Stored dataset items
§ §

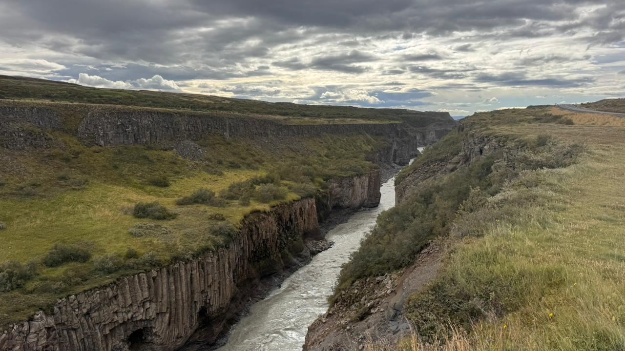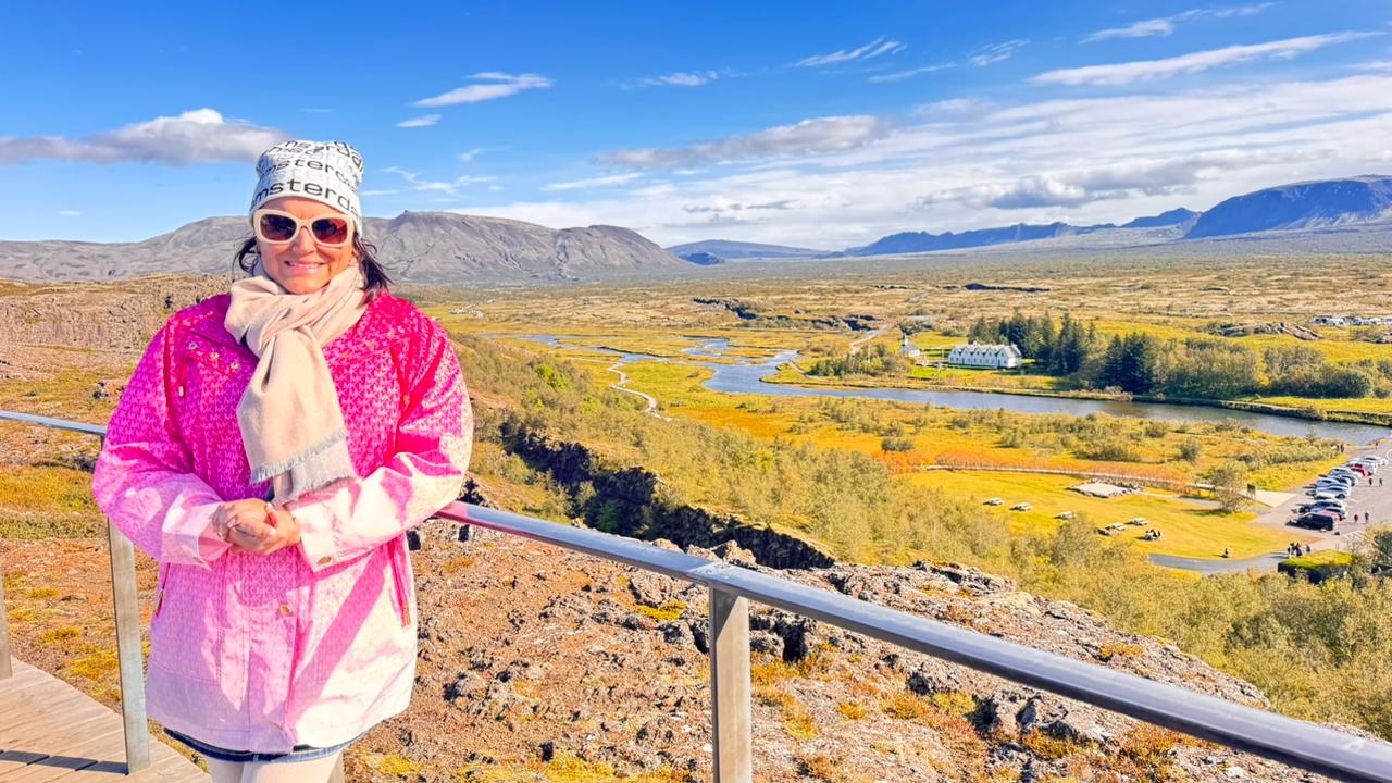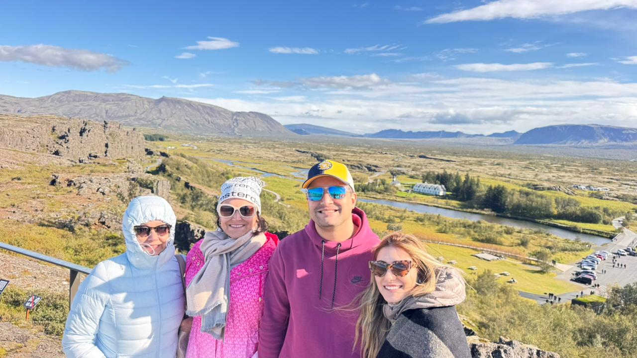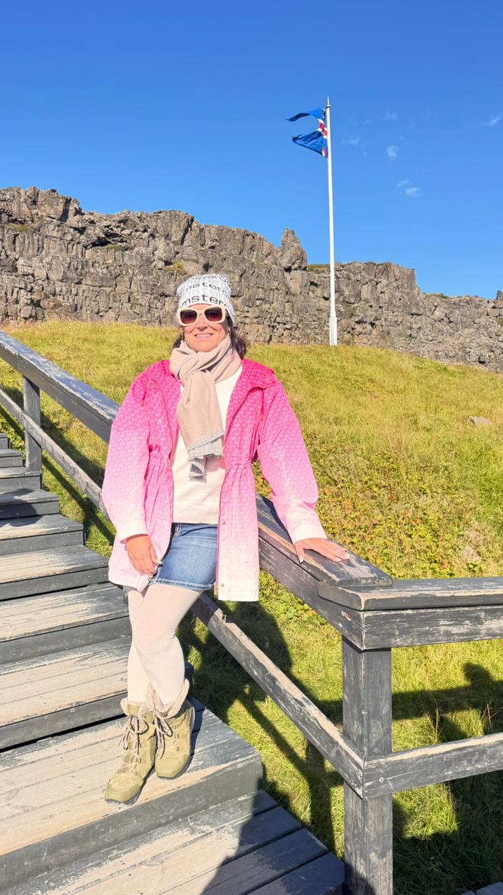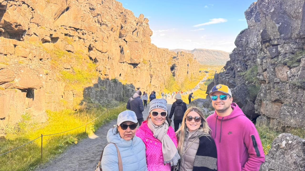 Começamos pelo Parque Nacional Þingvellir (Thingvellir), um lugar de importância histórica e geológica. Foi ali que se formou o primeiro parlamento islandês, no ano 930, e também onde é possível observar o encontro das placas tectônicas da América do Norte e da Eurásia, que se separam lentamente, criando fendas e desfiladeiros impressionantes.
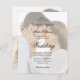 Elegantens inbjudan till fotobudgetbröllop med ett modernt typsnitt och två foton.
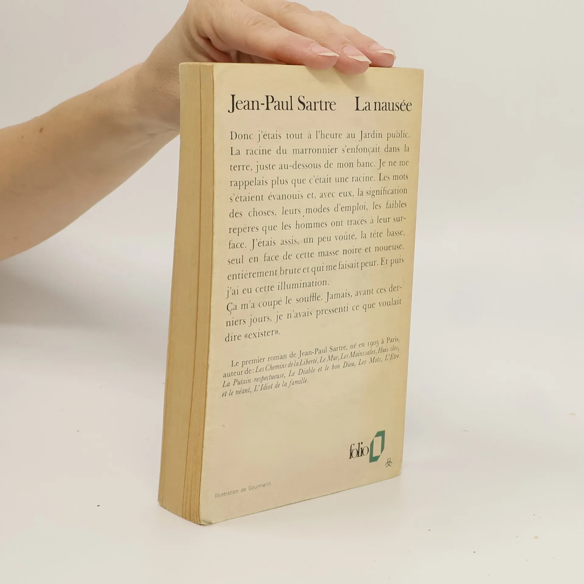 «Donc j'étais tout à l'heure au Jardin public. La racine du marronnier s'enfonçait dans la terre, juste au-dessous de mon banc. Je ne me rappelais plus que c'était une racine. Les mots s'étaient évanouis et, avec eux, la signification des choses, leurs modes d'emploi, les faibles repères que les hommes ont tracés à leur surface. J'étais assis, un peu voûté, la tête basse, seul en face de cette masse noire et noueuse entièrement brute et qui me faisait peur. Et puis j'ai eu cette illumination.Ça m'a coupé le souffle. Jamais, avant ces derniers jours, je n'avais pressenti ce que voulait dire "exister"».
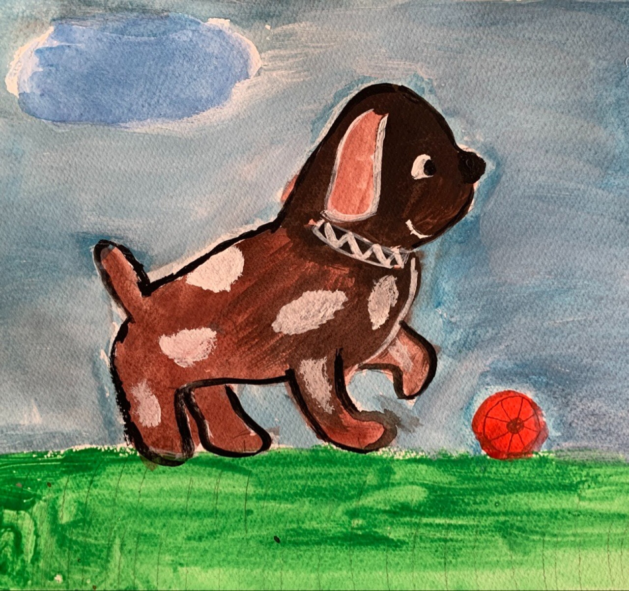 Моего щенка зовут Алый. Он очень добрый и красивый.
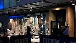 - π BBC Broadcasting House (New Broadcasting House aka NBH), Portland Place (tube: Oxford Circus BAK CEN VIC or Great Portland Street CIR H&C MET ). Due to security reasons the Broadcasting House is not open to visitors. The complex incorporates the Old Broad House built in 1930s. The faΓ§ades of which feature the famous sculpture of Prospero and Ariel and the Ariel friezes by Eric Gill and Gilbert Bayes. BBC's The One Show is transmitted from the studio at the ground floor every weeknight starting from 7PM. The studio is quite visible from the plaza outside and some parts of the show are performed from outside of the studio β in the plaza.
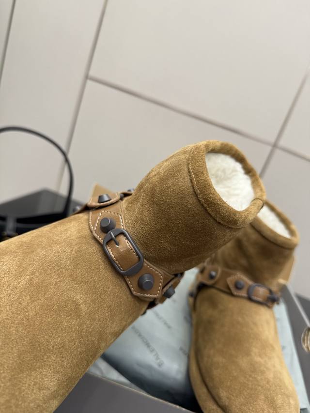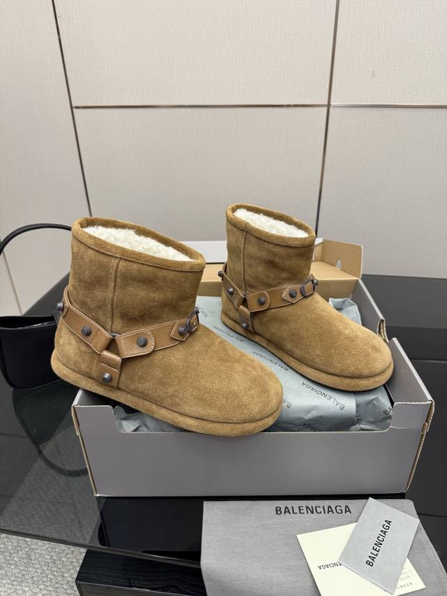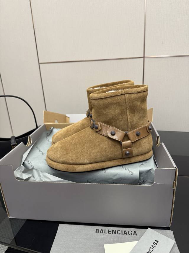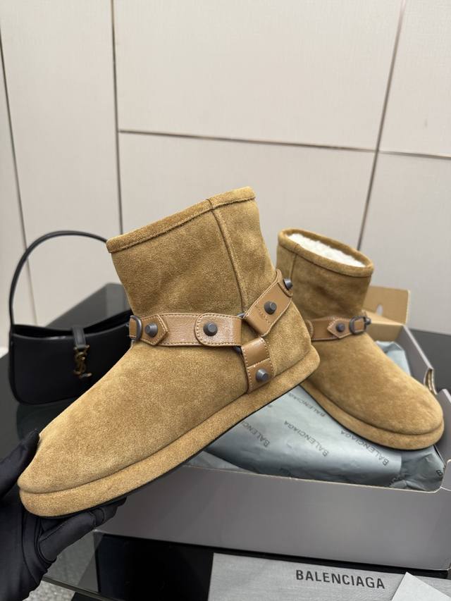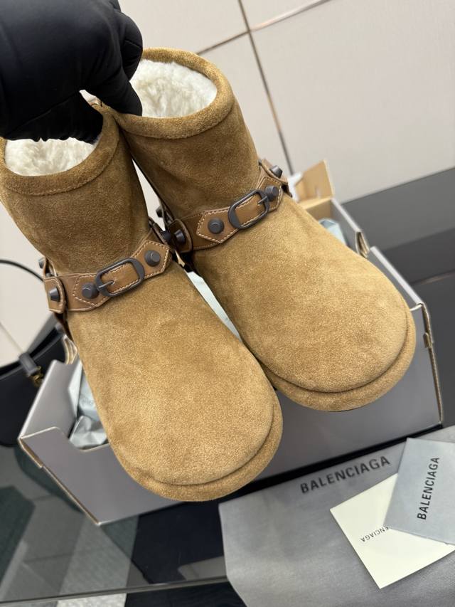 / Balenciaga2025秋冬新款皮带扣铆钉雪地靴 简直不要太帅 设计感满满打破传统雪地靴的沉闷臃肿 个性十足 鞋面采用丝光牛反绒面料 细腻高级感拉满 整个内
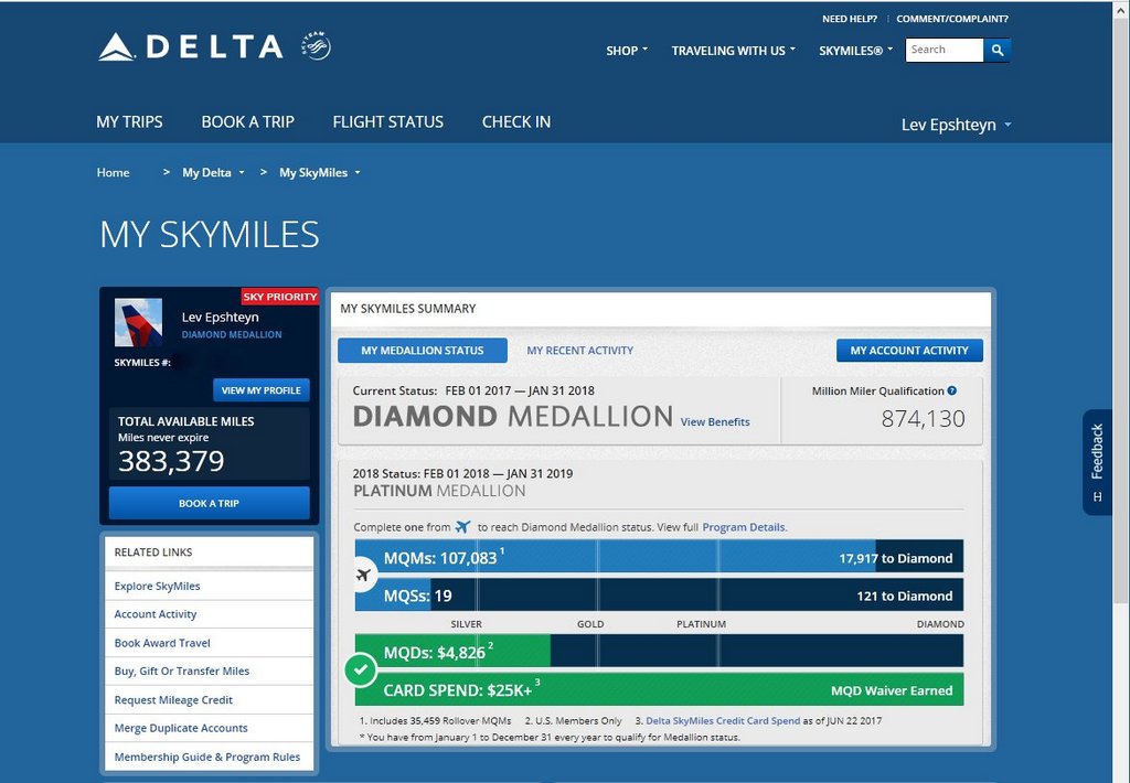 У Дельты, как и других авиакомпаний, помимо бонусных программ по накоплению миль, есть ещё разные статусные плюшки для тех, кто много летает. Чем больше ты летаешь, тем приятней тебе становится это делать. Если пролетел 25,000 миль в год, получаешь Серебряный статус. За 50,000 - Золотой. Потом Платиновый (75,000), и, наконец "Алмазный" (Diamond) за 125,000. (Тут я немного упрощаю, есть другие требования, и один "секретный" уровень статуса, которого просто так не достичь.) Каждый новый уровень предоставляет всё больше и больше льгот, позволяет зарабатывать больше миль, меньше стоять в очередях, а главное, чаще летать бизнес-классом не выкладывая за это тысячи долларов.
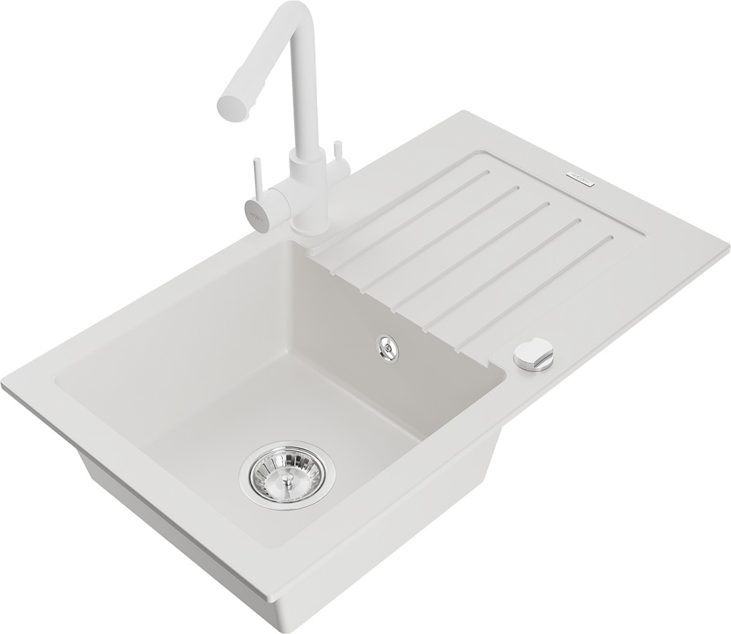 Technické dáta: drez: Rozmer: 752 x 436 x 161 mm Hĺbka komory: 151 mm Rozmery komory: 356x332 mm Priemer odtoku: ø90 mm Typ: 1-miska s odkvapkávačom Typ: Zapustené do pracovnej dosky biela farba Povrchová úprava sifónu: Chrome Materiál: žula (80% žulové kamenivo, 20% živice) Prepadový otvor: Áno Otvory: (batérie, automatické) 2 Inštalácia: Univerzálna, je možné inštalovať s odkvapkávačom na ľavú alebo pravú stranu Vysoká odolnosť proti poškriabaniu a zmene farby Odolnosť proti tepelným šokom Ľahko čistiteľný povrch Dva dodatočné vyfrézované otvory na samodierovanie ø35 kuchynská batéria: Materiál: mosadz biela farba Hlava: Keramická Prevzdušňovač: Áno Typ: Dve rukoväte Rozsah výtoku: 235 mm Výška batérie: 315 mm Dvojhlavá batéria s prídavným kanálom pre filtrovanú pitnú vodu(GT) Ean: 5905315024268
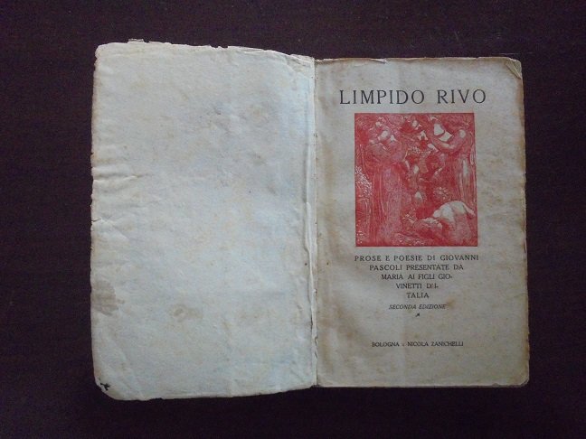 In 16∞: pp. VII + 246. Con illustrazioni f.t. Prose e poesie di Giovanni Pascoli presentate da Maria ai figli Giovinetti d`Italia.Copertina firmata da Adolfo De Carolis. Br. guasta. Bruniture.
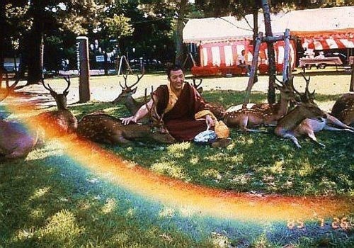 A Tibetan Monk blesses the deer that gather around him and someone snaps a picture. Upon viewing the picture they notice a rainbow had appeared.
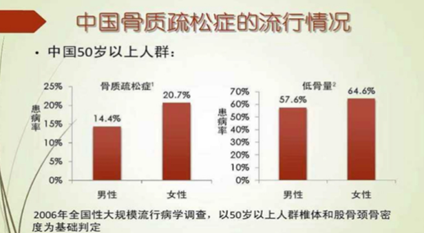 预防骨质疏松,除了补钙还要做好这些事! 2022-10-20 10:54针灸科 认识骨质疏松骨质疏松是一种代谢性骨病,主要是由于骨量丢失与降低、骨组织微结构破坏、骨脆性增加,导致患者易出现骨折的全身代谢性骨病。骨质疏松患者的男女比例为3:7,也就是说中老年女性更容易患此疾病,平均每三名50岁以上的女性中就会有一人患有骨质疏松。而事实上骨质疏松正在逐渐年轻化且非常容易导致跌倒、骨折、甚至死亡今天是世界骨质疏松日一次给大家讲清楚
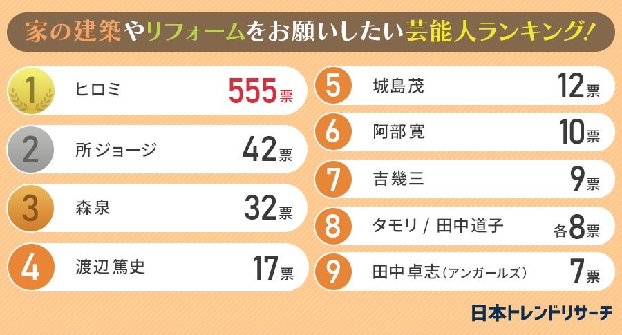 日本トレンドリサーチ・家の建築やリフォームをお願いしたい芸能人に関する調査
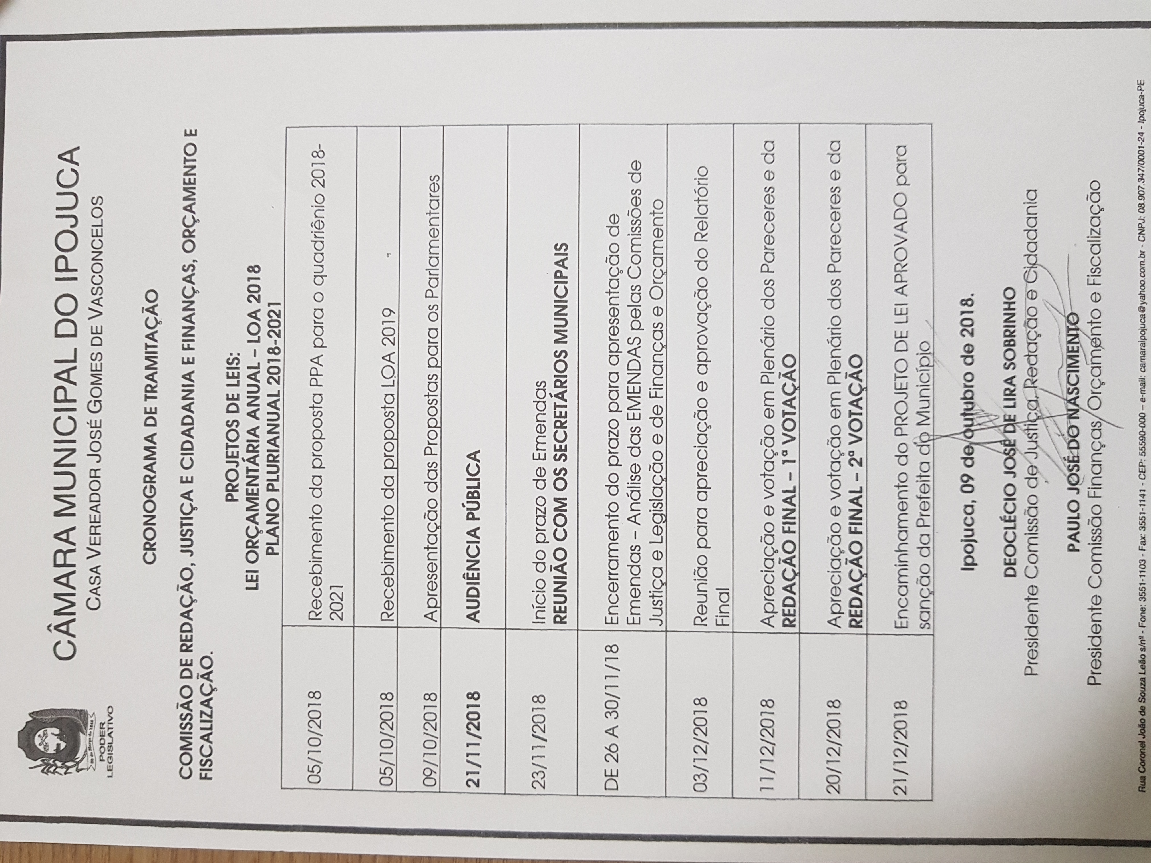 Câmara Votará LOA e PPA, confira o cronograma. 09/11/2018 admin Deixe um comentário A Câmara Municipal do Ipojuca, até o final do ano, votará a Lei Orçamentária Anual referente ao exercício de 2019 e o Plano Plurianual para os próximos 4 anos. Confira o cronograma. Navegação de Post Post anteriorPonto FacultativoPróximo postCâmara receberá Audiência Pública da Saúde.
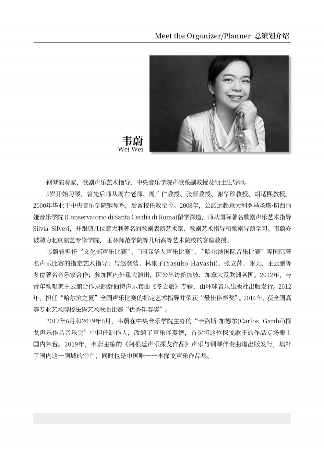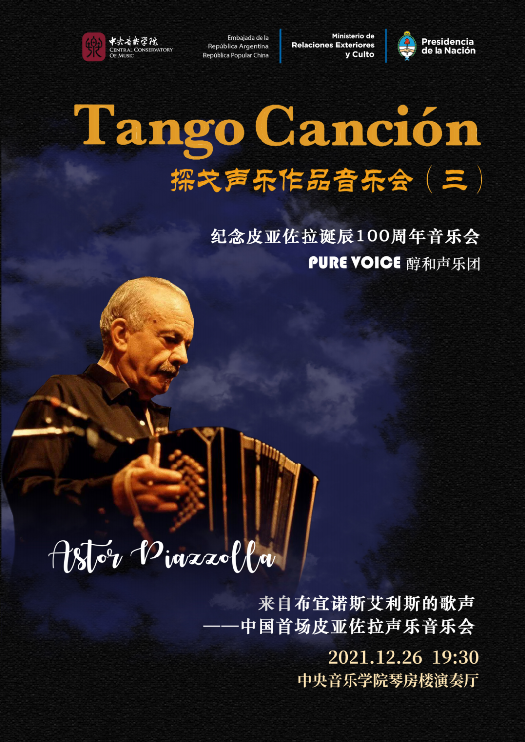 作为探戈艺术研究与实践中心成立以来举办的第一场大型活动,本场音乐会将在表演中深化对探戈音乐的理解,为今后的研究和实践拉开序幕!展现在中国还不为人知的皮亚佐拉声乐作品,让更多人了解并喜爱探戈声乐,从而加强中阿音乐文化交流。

§ §

§ **What to work on**
Quote the data above exactly from the line with "Technické dáta: drez: Rozmer: 752" to the line with "Câmara Votará LOA", both ends counted, and nothing else. Pictures don't go in.

§ **Result below**
 Technické dáta: drez: Rozmer: 752 x 436 x 161 mm Hĺbka komory: 151 mm Rozmery komory: 356x332 mm Priemer odtoku: ø90 mm Typ: 1-miska s odkvapkávačom Typ: Zapustené do pracovnej dosky biela farba Povrchová úprava sifónu: Chrome Materiál: žula (80% žulové kamenivo, 20% živice) Prepadový otvor: Áno Otvory: (batérie, automatické) 2 Inštalácia: Univerzálna, je možné inštalovať s odkvapkávačom na ľavú alebo pravú stranu Vysoká odolnosť proti poškriabaniu a zmene farby Odolnosť proti tepelným šokom Ľahko čistiteľný povrch Dva dodatočné vyfrézované otvory na samodierovanie ø35 kuchynská batéria: Materiál: mosadz biela farba Hlava: Keramická Prevzdušňovač: Áno Typ: Dve rukoväte Rozsah výtoku: 235 mm Výška batérie: 315 mm Dvojhlavá batéria s prídavným kanálom pre filtrovanú pitnú vodu(GT) Ean: 5905315024268
 In 16∞: pp. VII + 246. Con illustrazioni f.t. Prose e poesie di Giovanni Pascoli presentate da Maria ai figli Giovinetti d`Italia.Copertina firmata da Adolfo De Carolis. Br. guasta. Bruniture.
 A Tibetan Monk blesses the deer that gather around him and someone snaps a picture. Upon viewing the picture they notice a rainbow had appeared.
 预防骨质疏松,除了补钙还要做好这些事! 2022-10-20 10:54针灸科 认识骨质疏松骨质疏松是一种代谢性骨病,主要是由于骨量丢失与降低、骨组织微结构破坏、骨脆性增加,导致患者易出现骨折的全身代谢性骨病。骨质疏松患者的男女比例为3:7,也就是说中老年女性更容易患此疾病,平均每三名50岁以上的女性中就会有一人患有骨质疏松。而事实上骨质疏松正在逐渐年轻化且非常容易导致跌倒、骨折、甚至死亡今天是世界骨质疏松日一次给大家讲清楚
 日本トレンドリサーチ・家の建築やリフォームをお願いしたい芸能人に関する調査
 Câmara Votará LOA e PPA, confira o cronograma. 09/11/2018 admin Deixe um comentário A Câmara Municipal do Ipojuca, até o final do ano, votará a Lei Orçamentária Anual referente ao exercício de 2019 e o Plano Plurianual para os próximos 4 anos. Confira o cronograma. Navegação de Post Post anteriorPonto FacultativoPróximo postCâmara receberá Audiência Pública da Saúde.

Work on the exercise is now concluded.